◆ Exercise objective
Beginning at the line containing "Mettez une pincée", repeat each line below exactly up to and including the line containing "What a great". Do not repeat the pictures.

◆ Working data
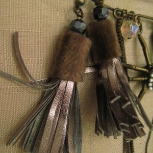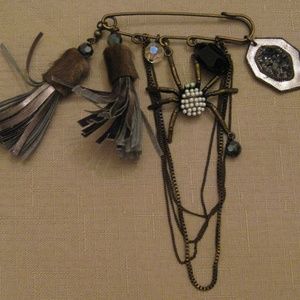 Un Worn handcrafted brooch brass pin rhinestone eyes white beads brass spider rhinestone eyes faux pearl beads dangle black bead 2 faux fur faux leather tassels black faceted bead black glass gemstone crystal bead abstract charm pendant faux leather metal chain sparkles 5 brass chains dangling from large brass safety pin. Tassels 1 & 15/16" length 1" width. Spider length includes black bead.2 & 3/8. Faux leather pendant length 1 & 9/16" width 1 & 1/8. Total Measurement 5 & 3/8" X 3 & 1/8"
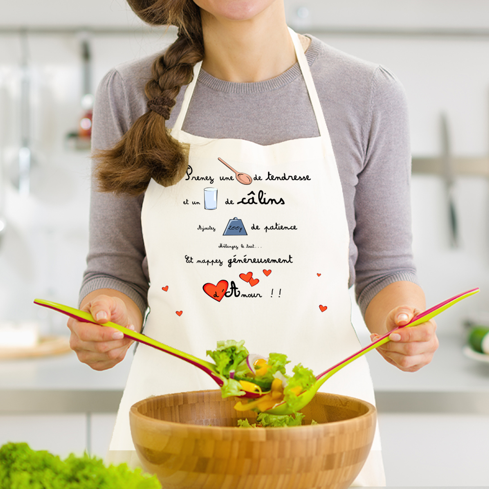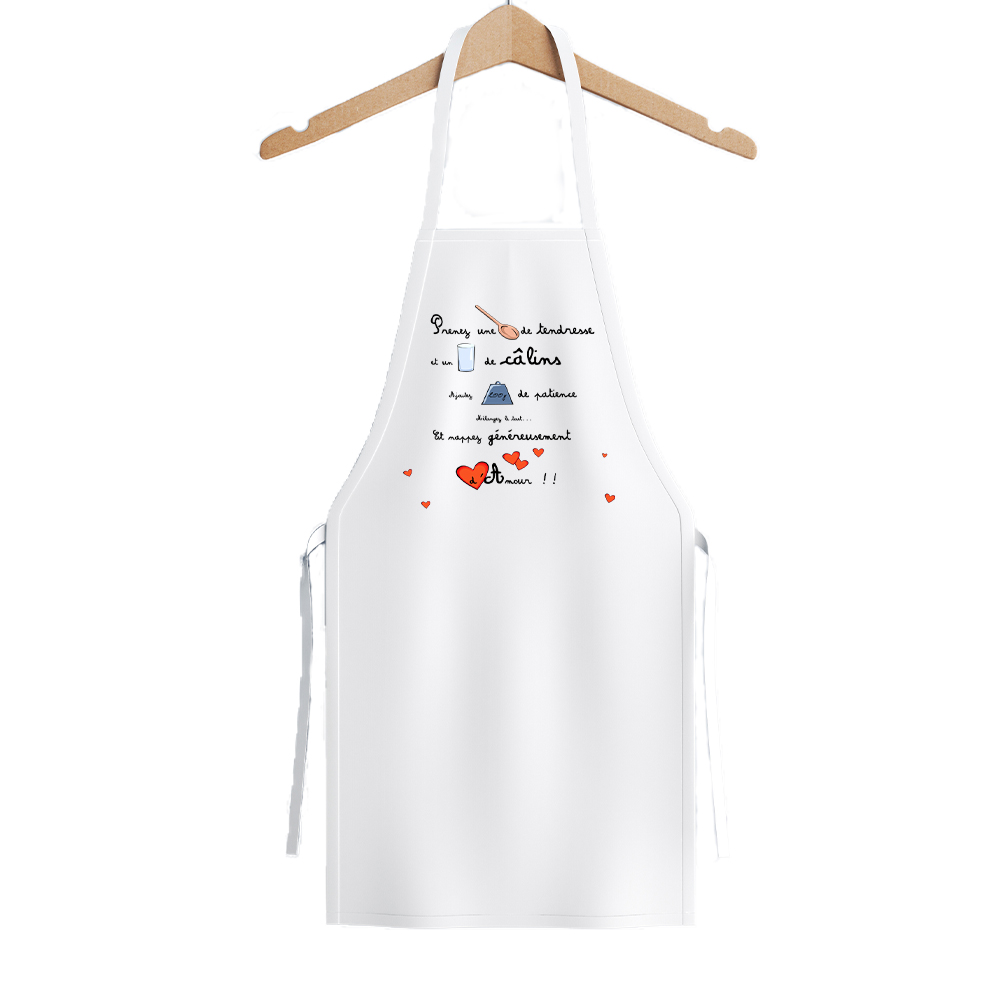 Mettez une pincée de douceur et beaucoup de bonne humeur dans votre cuisine avec ce charmant tablier “Recette d’amour”. Imprimé d’un texte poétique et plein d’affection, il rappelle que les meilleurs plats se préparent toujours avec le cœur.
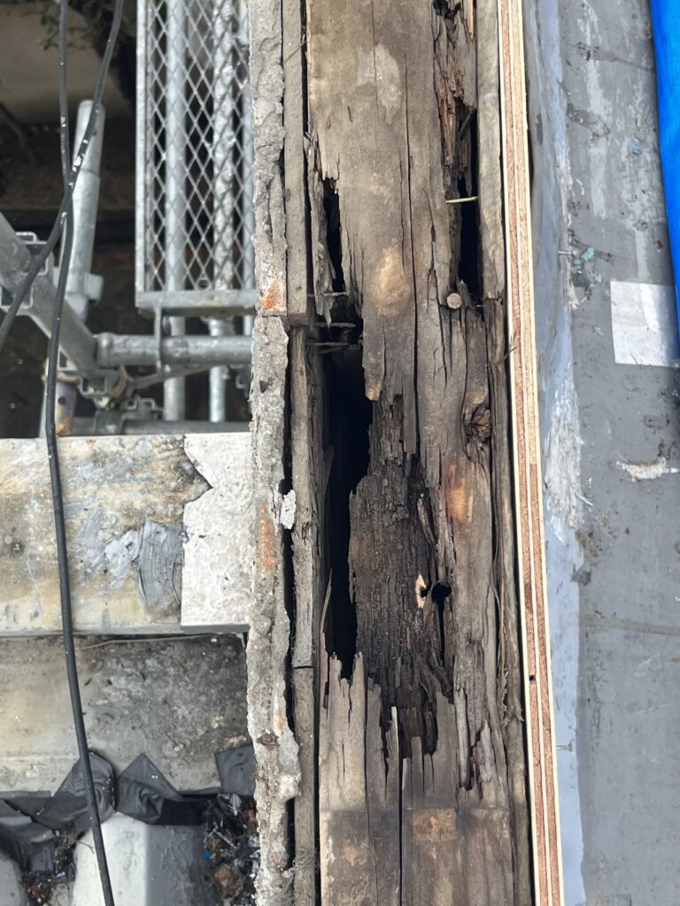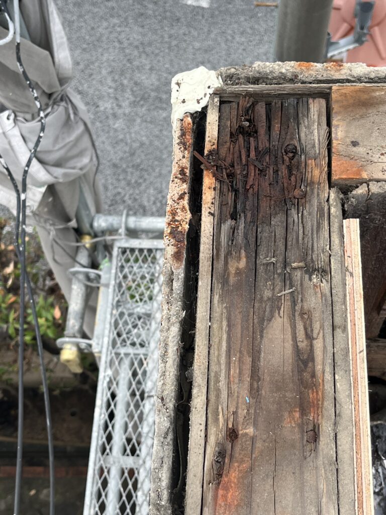 外側のブリキを外してみると長年の傷みで中の木が傷んでいました。
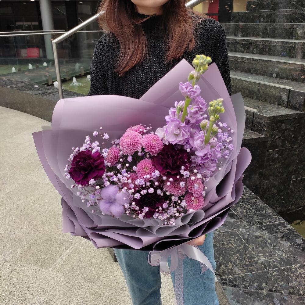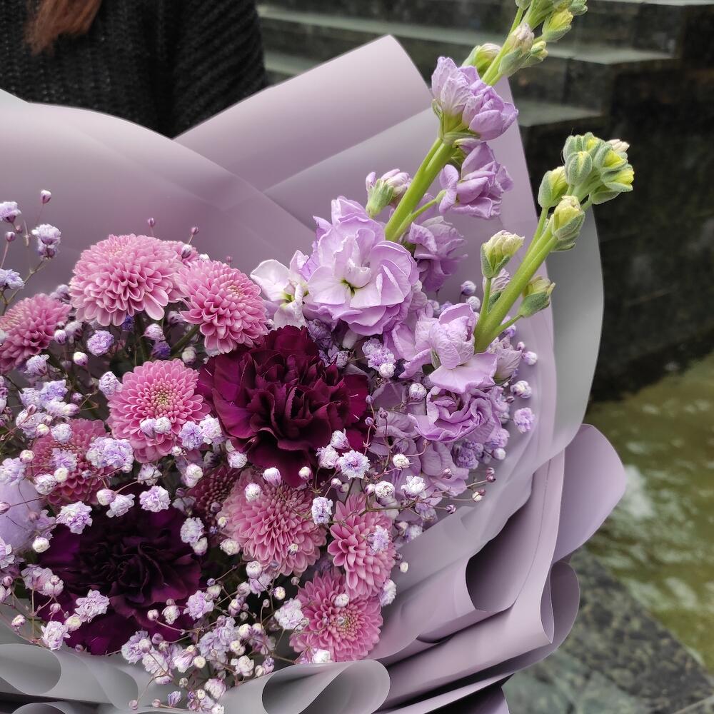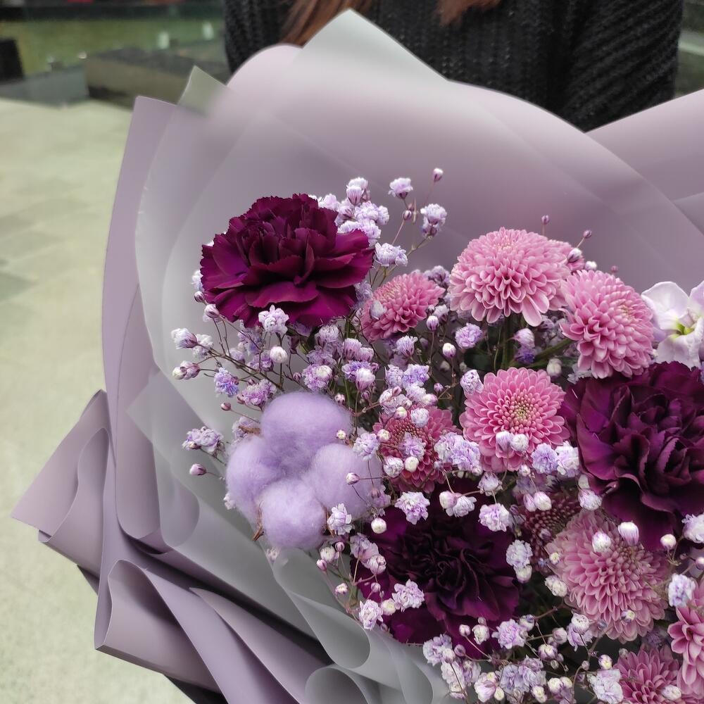 Гвоздика – 3 шт.Хризантема кустовая – 2 шт.Маттиола – 2 шт.Хлопок – 1 шт.Гипсофила – 2 шт.Лента – 2 шт.Упаковка дизайнерская – 2 шт.
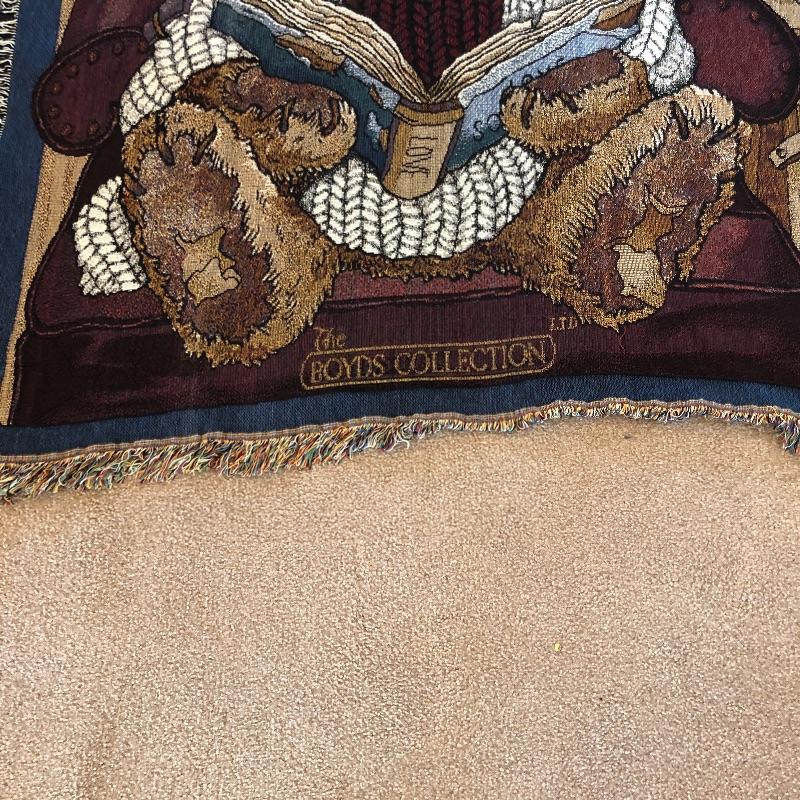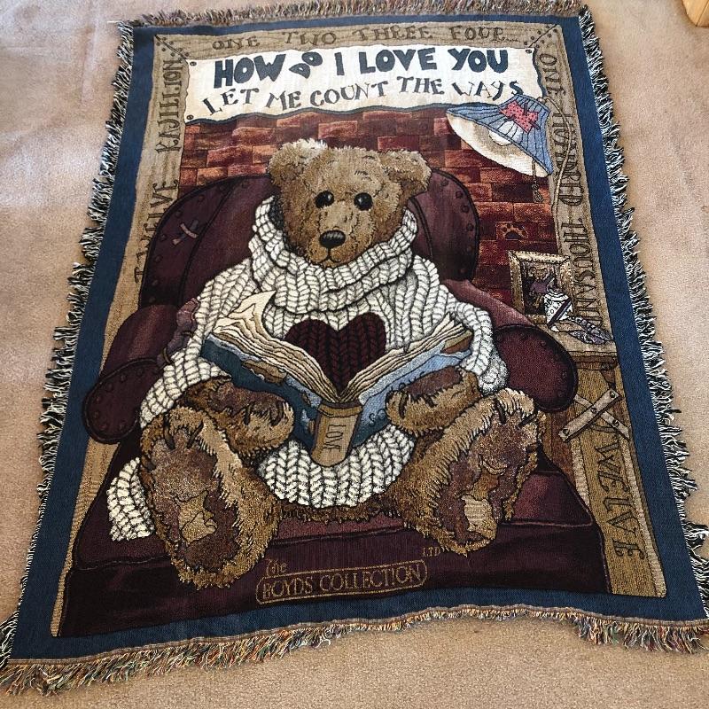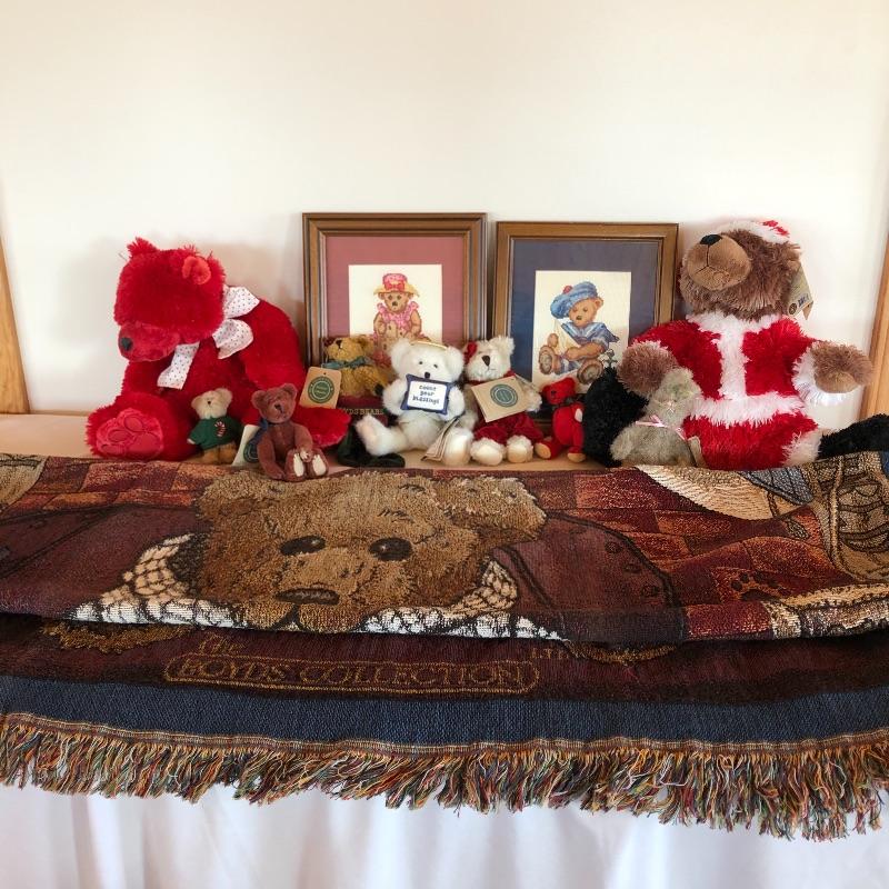 What a great gift these Boyd’s Bears will make, or treat yourself. Lot includes Boyd’s Bears throw, two larger bears, six smaller bears and one bunny, Also includes two framed and matted needlepoint bear art and three posters. Throw measures 52” x 69” and largest frame measures 10” x 12”.
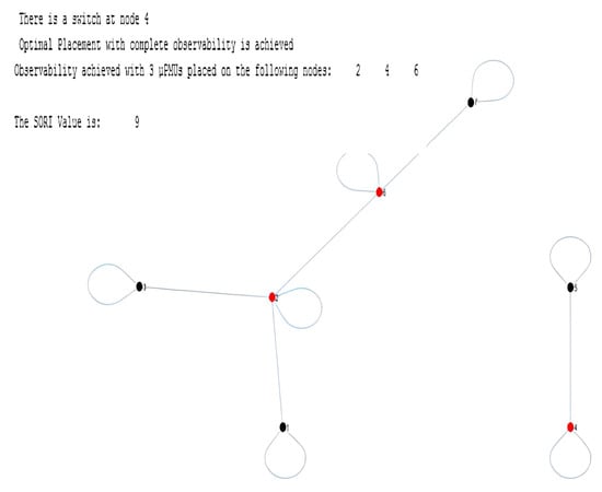 The IEEE 7-Node Network is used as a test case for various power system analysis and optimization problems. Researchers often apply algorithms, such as optimal power flow, state estimation, and observability analysis, to evaluate and validate their performance on this test network. The status of open switches in the distribution network is considered to optimize the placement of devices. Open switches represent the locations where switches are not connected, allowing the network to be reconfigured for different operational scenarios. By analyzing the status of these open switches, we can identify potential locations where PMUs can be strategically installed to enhance observability and monitoring capabilities. The simulation output can be seen in Figure 5. The algorithm runs on the assumption that the switch is still open so as not to let the change in topology influence the placement results.
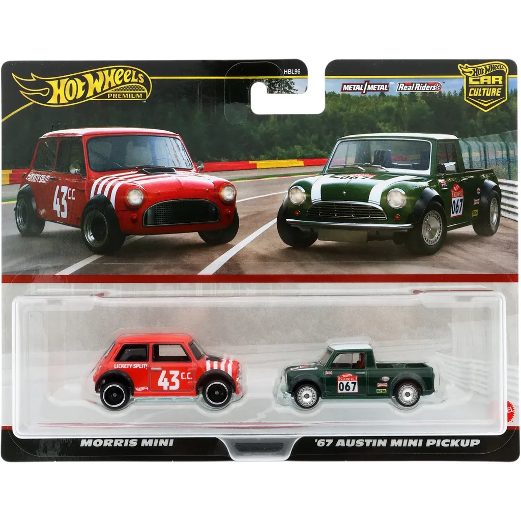 2-pak med en rød Morris Mini og en grøn Austin Mini Pickup fra 67 fra Hot Wheels og Car Culture-serien.
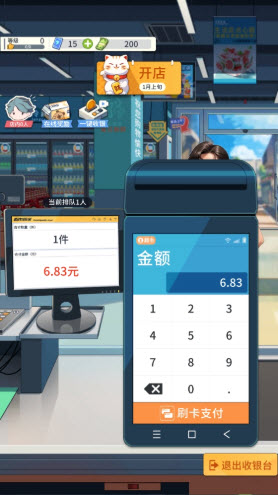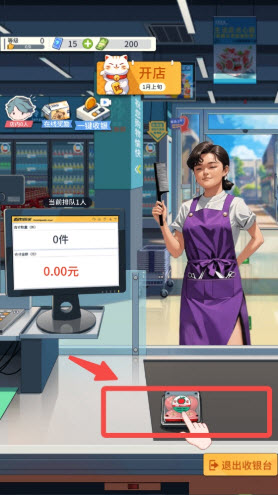 这款游戏的玩法和操作都十分简单,玩家只需扮演超市老板,负责超市的供货、收银等经营事务来赚取收益即可。
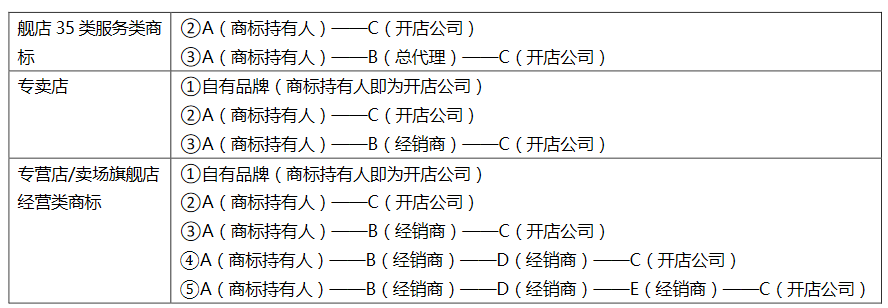(3)完整授權(quán)鏈路是指,以三級(jí)授權(quán)為例,ABC公司中,A為商標(biāo)持有人(一級(jí)),B為經(jīng)銷(xiāo)商(二級(jí)),C為開(kāi)店公司(三級(jí))。則A-B-C即為完整授權(quán)鏈路。開(kāi)店公司C需提供A—B的授權(quán)書(shū)和B—C的授權(quán)書(shū)才可成功開(kāi)設(shè)店鋪。
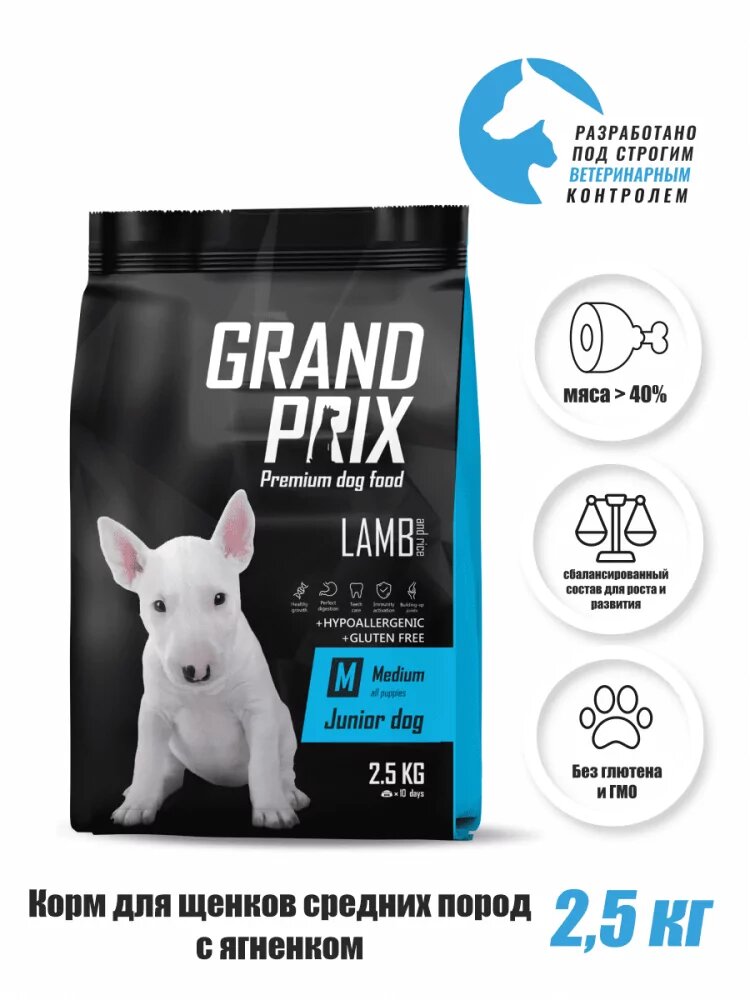 GRAND PRIX 2,5кг Корм для щенков средних пород, ягнёнок

◆ Exercise output
 Mettez une pincée de douceur et beaucoup de bonne humeur dans votre cuisine avec ce charmant tablier “Recette d’amour”. Imprimé d’un texte poétique et plein d’affection, il rappelle que les meilleurs plats se préparent toujours avec le cœur.
 外側のブリキを外してみると長年の傷みで中の木が傷んでいました。
 Гвоздика – 3 шт.Хризантема кустовая – 2 шт.Маттиола – 2 шт.Хлопок – 1 шт.Гипсофила – 2 шт.Лента – 2 шт.Упаковка дизайнерская – 2 шт.
 What a great gift these Boyd’s Bears will make, or treat yourself. Lot includes Boyd’s Bears throw, two larger bears, six smaller bears and one bunny, Also includes two framed and matted needlepoint bear art and three posters. Throw measures 52” x 69” and largest frame measures 10” x 12”.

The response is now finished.